„`html
W obliczu długich kolejek do dentystów, które już nie trwają miesiące, a całe lata, Polacy mają coraz mniej opcji. Gdy trzeba usunąć ząb, ceny sięgają nawet 500 zł. Leczenie kanałowe? Lepiej nie wspominać, bo historie o jego kosztach krążą jak legendy. Niestety, stomatolodzy nie przynoszą dobrych wieści — ich usługi znów podrożeją.
Czystość i zdrowie za dodatkowe opłaty
Decydując się na wizytę u stomatologa, warto przygotować portfel na spore wydatki. Na przykład w Trójmieście za pakiet obejmujący zdjęcie kamienia i fluoryzację zapłacimy niemal 500 zł. Główny Urząd Statystyczny podał, że w lutym ceny usług dentystycznych, takich jak usunięcie zęba czy zaplombowanie bez leczenia kanałowego, wzrosły w ciągu roku o 9 proc. GUS uwzględnił zarówno ceny w gabinetach prywatnych, jak i publicznych. Dentyści nie mają złudzeń — leczenie zębów będzie coraz droższe, a to samo dotyczy produktów, jak pasty i płyny do płukania jamy ustnej.
Droższe usługi, mniejszy dostęp
Jak zauważa dr n. med. Piotr Przybylski, pacjenci z niepokojem obserwują sytuację, przez co niektórzy z nich muszą ograniczyć zakres własnego leczenia. Ekspert przewiduje, że w drugiej połowie roku możemy doświadczyć kolejnych wzrostów cen, co zapowiadał już kilka miesięcy temu.
Wysokie koszty materiałów, utylizacji odpadów medycznych, a także rosnące rachunki za energię są głównymi przyczynami wzrostu cen. Dr Przybylski zauważa, że w ubiegłym roku ceny komponentów wzrosły dwucyfrowo, a w pierwszym kwartale tego roku niewiele się zmieniły. Co gorsza, pomiędzy wzrostem cen usług a kosztami materiałów zauważalna jest przepaść — dentyści wstrzymują się z podnoszeniem cen. Gdyby nie to, w gabinetach kosztowalibyśmy jeszcze więcej.

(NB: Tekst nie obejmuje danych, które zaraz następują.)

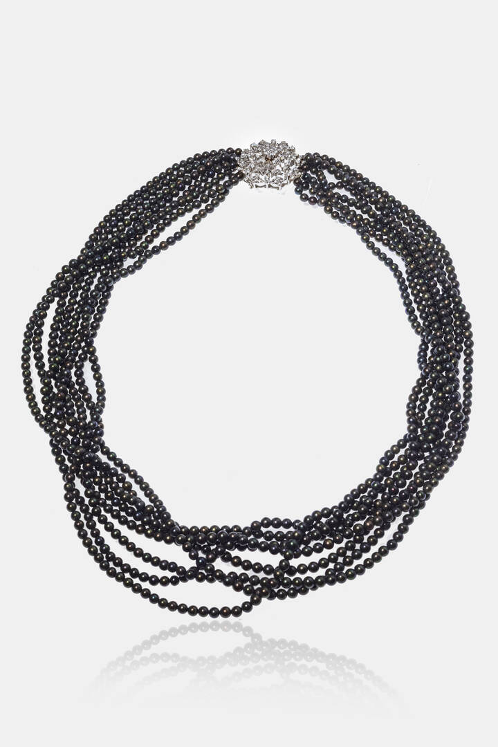 composta da otto fili perle di acqua dolce nei toni del nero-verde del diam. di mm 4. Chiusura oro bianco con diamanti taglio 8/8 per totali ct 0,40 ca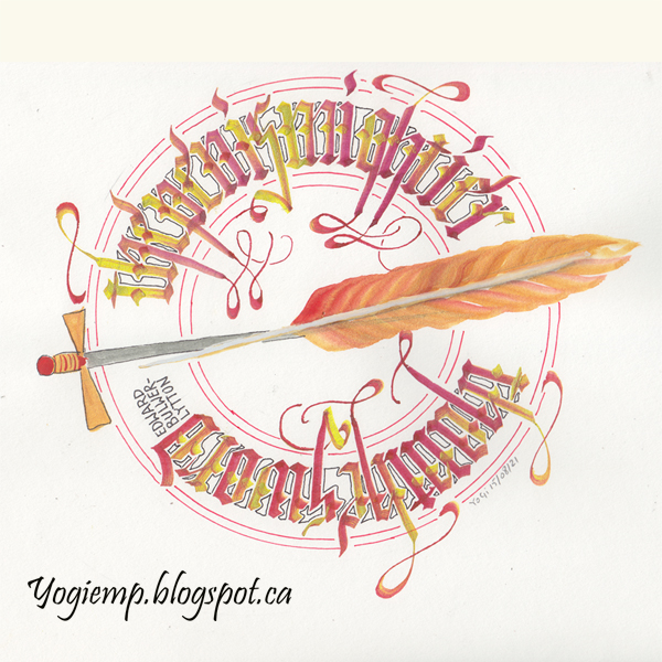 Created: August 15, 2021 This month's Edmonton Calligraphy Society's challenge is Pen, Ink, Paper. On Be Super Deluxe paper, 3.8 Parallel pen filled with Holbien Red Flame gouache and double dipped into FW Pearlesent "Genesis Green" ink wrote out the text in Blackletter style. Detailing with a black micron pen and a red Zig Writer. Painted the sword and feather with QoR watercolors. Quote: The pen is mightier than the sword. Edward Bulwer-Lytton Formula: Write out your text with the nib and in the lettering style you'll use. Measure it and do a radius calculation. (C=2πR) or R=C÷2π If the length (circumference) of my work is 15", (π= 3.14) so 2π = 6.28. Divide 6.28 into your circumference of 15" and you get basically a radius of 2.4".

Zdrowie dentystyczne na ostatnim miejscu
Podczas gdy usługi stomatologiczne stają się coraz droższe, jedynie usługi szpitalne odnotowują większe wzrosty. Z danych GUS wynika, że usługi lekarskie wzrosły w tym czasie tylko o 8,3 proc. W 2025 roku przeciętne gospodarstwo domowe przeznaczyło 0,85 proc. swojego budżetu na usługi stomatologiczne.
Polacy, niestety, wciąż odwlekają wizyty u dentysty do momentu, gdy ból staje się nie do zniesienia. Jak podkreśla dr Przybylski, nieleczone problemy stomatologiczne mogą prowadzić do poważniejszych schorzeń, które wykraczają poza jamę ustną, w tym nowotworów.
Brak edukacji i możliwości finansowych
Przyczyn tego stanu rzeczy jest wiele. Po pierwsze, brakuje Polakom odpowiedniej edukacji, co skutkuje niewielką chęcią inwestowania w zdrowie zębów. Drugim powodem są niskie zarobki, które ograniczają możliwości finansowe pacjentów do korzystania z usług prywatnych — zauważa dr Przybylski. To poważny problem, z którym stomatologia zmaga się od lat. Państwo „zepchnęło” usługi dentystyczne do sektora prywatnego, co stanowi niemałą przeszkodę dla pacjentów, zwłaszcza tych, którzy zmagają się z problemami finansowymi.
W obliczu rosnących kosztów usług dentystycznych, oby przyszłość przyniosła nie tylko wzrost dostępnych opcji, ale także wsparcie ze strony państwa. A może lepszym rozwiązaniem byłoby wprowadzenie programu 1600 plus na leczenie stomatologiczne?